If you don't feel a strong urge to birth kids, just don't it. This world is full of too many people already, and you would be doing yourself and some lucky kid and the rest of the planet a huge favor if you'd adopt instead. Never having kids at all is just fine, too! Really!

As for romance, I'd say if you're not strongly compelled to seek a partner, don't make a big deal out of it. Do some looking, but don't treat it like your time is running out. There are people of every age seeking partners. There are guys out there who will be thrilled to meet you when you're 40, 50 and beyond. Men can marry late, or become widowed, or get divorced. All the single guys don't disappear when they hit 36.

It really comes down to what you want. If you are not feeling a powerful urge to settle down with a man now, don't force it.

But I also think waiting for it to just happen is kinda for suckers. If you ARE hoping to meet a guy, try some dating sites. That's where it's at.
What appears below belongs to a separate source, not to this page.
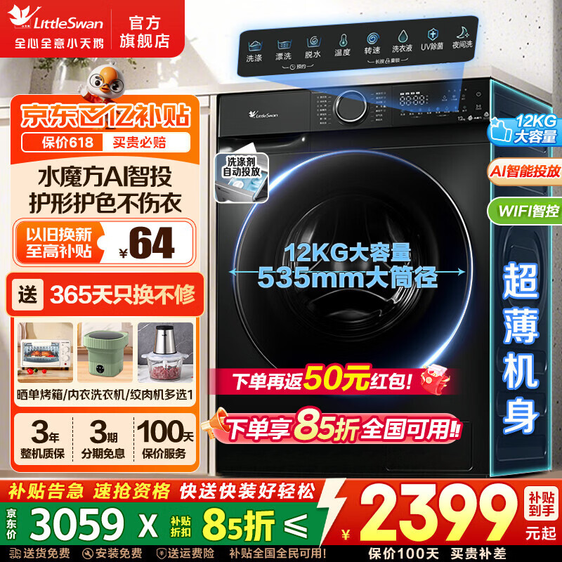 小天鹅(LittleSwan)滚筒洗衣机 水魔方家用大容量全自动洗脱/洗烘一体烘干冷水洗变频除菌超薄纯平全嵌 智投 家电补贴 【12公斤618P洗脱】AI智投+水魔方 滚筒单洗

You can seek out guys who share your interests and goals, and not waste a lot of time chatting up random dudes who eventually turn out to be serial killers or Republicans.
posted by Ursula Hitler at 5:51 PM on March 21, 2014 [11 favorites]

"should i scope the subway and the streets and start striking up conversations with strangers who might be single? or should i just let nature take its course and see where destiny takes me?"

the second one.
posted by bruce at 5:52 PM on March 21, 2014 [3 favorites]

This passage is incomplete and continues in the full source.